Он погладил ее волосы.
– Любимая, я принадлежу тебе весь. И взамен ожидаю того же.
– Джорди, я люблю тебя, – повторила она. – Но… но у тебя было такое замечательное детство с такими чудесными родителями, которые обожали и тебя, и… друг друга. Ты вырос в любви. А вот я – нет. Мне не с кого было брать пример, понимаешь? Поэтому приходилось до всего доходить самой.
– В каком смысле?
– Это длинная история.
– Время у нас с тобой есть.
Она покачала головой:
– Подожди, Джорди. Сейчас не могу. Пожалуйста, будь со мной терпеливым. Хорошо?
Он положил руки ей на плечи и повернул лицом к себе.
– У меня было отличное детство, верно, но, оказывается, для счастья этого недостаточно.

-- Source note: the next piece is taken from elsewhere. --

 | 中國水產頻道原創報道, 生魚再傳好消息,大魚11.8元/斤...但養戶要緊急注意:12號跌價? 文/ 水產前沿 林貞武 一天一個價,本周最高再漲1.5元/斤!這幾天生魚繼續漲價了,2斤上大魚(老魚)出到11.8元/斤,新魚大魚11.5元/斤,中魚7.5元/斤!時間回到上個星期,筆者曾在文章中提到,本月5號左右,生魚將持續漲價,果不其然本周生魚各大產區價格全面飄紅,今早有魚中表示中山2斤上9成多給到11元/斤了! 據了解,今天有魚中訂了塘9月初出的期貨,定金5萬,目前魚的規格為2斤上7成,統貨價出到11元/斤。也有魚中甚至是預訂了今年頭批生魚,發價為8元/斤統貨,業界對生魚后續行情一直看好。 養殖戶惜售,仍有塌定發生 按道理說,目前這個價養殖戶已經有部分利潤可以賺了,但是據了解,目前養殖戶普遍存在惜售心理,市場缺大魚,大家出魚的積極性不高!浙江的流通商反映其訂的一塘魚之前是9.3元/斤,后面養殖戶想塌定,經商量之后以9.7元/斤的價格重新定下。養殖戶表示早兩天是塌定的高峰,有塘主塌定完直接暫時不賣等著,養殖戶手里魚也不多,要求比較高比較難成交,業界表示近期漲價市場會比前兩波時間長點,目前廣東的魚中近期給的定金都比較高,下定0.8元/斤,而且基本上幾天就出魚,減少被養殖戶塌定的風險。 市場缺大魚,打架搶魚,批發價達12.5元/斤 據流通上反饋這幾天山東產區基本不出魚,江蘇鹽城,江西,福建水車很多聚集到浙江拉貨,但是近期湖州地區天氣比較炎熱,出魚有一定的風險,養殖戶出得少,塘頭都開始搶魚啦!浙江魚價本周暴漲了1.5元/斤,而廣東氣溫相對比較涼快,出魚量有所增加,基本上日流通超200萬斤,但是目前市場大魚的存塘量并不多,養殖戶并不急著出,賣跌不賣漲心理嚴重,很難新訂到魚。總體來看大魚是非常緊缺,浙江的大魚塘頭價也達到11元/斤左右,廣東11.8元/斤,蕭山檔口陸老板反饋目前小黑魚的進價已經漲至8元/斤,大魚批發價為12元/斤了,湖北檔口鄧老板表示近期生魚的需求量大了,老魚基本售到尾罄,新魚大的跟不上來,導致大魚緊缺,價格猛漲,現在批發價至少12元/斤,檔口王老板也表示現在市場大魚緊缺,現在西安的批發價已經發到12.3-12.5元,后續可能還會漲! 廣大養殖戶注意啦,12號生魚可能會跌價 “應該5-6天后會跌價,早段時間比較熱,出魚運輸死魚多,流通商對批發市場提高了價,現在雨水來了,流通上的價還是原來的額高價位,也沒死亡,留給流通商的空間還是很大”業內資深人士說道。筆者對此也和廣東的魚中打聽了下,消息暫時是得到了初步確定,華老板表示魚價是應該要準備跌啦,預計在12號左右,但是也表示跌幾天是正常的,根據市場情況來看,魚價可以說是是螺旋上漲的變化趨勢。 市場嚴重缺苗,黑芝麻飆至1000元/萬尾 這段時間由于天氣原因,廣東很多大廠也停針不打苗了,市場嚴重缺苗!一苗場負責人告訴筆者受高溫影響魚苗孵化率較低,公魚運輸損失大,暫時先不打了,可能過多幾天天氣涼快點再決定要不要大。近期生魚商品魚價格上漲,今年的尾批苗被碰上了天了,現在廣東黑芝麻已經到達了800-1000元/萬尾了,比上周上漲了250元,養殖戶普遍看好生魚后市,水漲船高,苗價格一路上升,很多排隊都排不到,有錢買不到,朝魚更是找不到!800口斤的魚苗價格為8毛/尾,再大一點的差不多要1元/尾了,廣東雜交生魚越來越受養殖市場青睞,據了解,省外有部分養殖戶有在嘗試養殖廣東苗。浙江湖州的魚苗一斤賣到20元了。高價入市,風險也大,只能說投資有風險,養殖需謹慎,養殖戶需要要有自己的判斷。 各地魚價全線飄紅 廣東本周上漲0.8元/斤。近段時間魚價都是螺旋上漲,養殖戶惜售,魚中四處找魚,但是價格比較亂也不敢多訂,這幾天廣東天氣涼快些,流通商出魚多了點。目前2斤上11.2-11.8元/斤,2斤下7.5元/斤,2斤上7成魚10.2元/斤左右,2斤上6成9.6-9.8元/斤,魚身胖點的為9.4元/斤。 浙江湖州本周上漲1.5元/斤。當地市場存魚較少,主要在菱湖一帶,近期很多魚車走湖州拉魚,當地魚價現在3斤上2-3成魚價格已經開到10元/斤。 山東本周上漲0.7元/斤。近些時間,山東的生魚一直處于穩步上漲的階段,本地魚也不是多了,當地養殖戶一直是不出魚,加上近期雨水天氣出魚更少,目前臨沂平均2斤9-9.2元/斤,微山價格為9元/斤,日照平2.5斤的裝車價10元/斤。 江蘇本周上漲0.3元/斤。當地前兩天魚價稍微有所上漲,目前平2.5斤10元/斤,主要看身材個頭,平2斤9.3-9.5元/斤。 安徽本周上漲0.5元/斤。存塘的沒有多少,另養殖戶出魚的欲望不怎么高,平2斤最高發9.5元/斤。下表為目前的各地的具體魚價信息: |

– По крайней мере ты знаешь, что это такое, когда тебя любят.
Джордан обнял ее.
– Да. И хочу показать тебе, что это такое, любимая.
В субботу Тревис отправился с Кэппи и двумя конюхами на ферму, а Джордан и Слоун все утро ездили верхом по участку. Уроки верховой езды, которые она брала в подростковом возрасте, быстро вспомнились, и вообще все было замечательно. Они спешились на лесной опушке и медленно двинулись назад.
– Представляю, как приятно расти в здешних местах, – сказала Слоун. – Это, наверное, такое счастье.
– Я об этом вообще никогда не думал, – признался Джордан, обрывая с ветвей листья. В Мартас-Виньярд уже пришла настоящая осень – все деревья, кроме сосен, окрасились в желтые, оранжевые, золотистые и ярко-красные тона. – Когда у тебя есть все с самого рождения, ты воспринимаешь это как данность.
– Верно.
Он посмотрел на Слоун. На ее лице играло солнце,
– А какое у тебя было детство?
– Как в кино.
– Не понял…
– Мои родители не любили друг друга, часто ссорились, дети их только раздражали, ну и так далее, – неопределенно ответила она. – Я всегда мечтала вырваться из семьи.
– Но почему?
Слоун пожала плечами:
– По многим причинам.
– Вот поэтому ты и стала писательницей? Чтобы удовлетворить эмоциональный голод?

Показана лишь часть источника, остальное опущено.